Be it a neighborhood, city, county or State, lefty libs move away from the ruin they created and leave a mess behind, then move on to do it all over again. For example, the Clinton's, Carter's nor, ironically, the Obama's daughters didn't go to local schools heavily populated with minorities. I know, I know, President's offspring need special security and attention, but they don't have to go to a private, exclusive Quaker School. The D.C. school district could make for an exemplary and safe-secure charter school as should be the entire district since it wastes nearly twice as much as any other public school, per pupil, in the County (a few exceptions noted in similar 'minority-majority' cities).
Left wing Boston fought School Busing hammer and tong for years, violently at times.

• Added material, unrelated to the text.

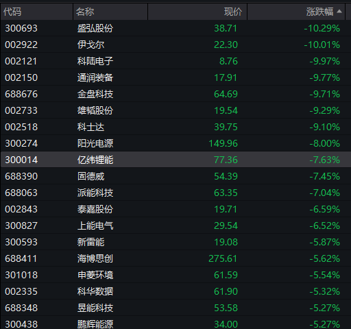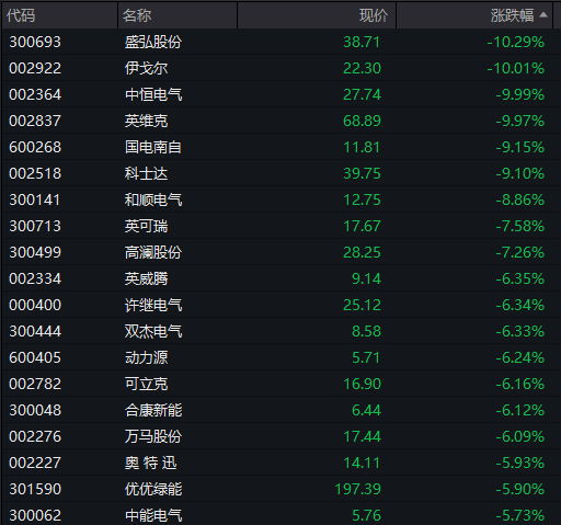 新能源全线下挫,光伏、储能、充电桩概念跌幅居前。在储能概念股中,盛弘股份、伊戈尔、科陆电子等跌停。通润装备、金盘科技、雄韬股份、科士达等跌幅居前。
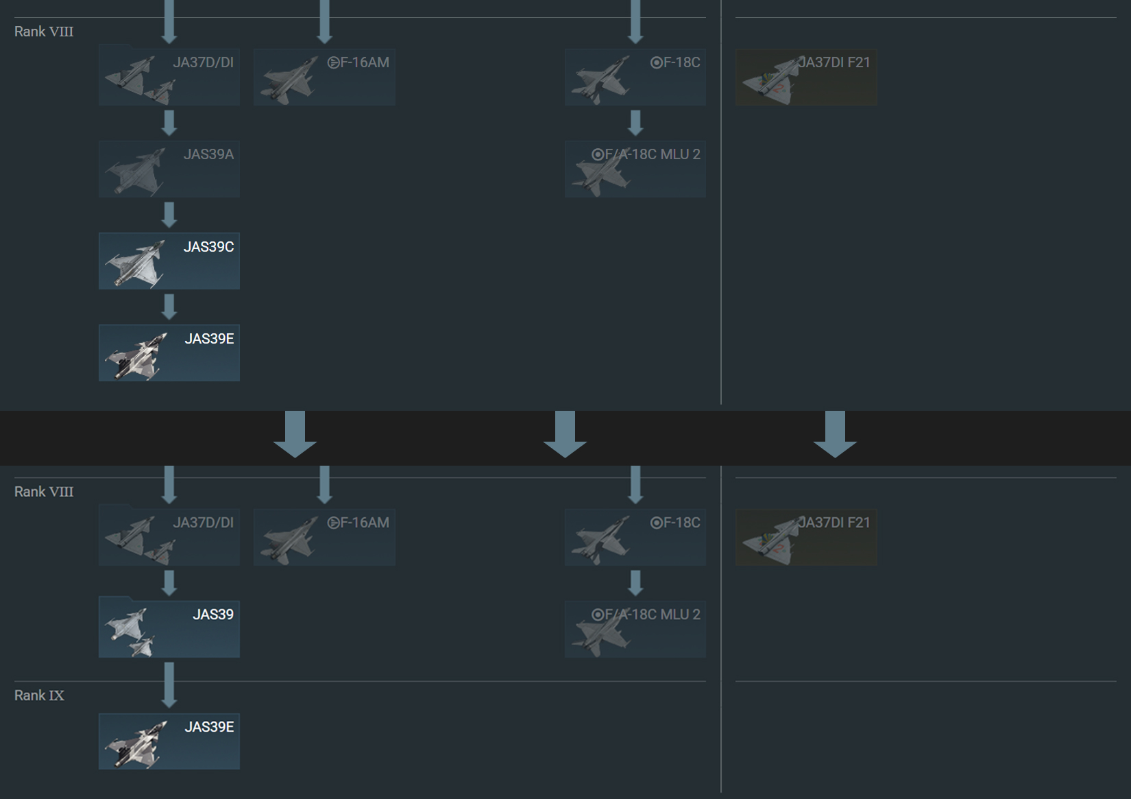 , we’ll be introducing rank IX for aircraft research trees. This rank will include some existing top-tier aircraft, while some rank VIII aircraft will be grouped or relocated. Comparison images of the trees before and after the changes can be seen below. Check them out!

Barbara Boxer moved out of lefty New York to a then, moderately conservative California, to really screw it up with her same socialist politics she moved away from, etc... m/r
Brooklyn Public School Battle: Progressives Are Opposing Integration | National Review Online
by REIHAN SALAM September 24, 2015
Progressive parents fight integration in their children’s public schools. I live in a small slice of Brooklyn wedged between Brooklyn Heights, one of New York’s most prosperous neighborhoods, Dumbo, a relatively new neighborhood that is essentially a forest of condominiums catering to financiers, techies, and “creative professionals,” and Farragut Houses, a sprawling public-housing complex that borders the Brooklyn Navy Yard. Though you won’t find gated communities in this part of Brooklyn, you will find buildings with doormen, which is of course a quite similar phenomenon. The retail establishments catering to affluent professionals don’t formally exclude poor residents, but their high prices do the work of explaining who is welcome and who is not. Very rich people and very poor people live side by side in this part of Brooklyn, yet their lives rarely intersect. Rich Brooklynites and poor Brooklynites do, however, share their local public schools. And as you can imagine, not all of Brooklyn’s bourgeois parents are thrilled about this fact.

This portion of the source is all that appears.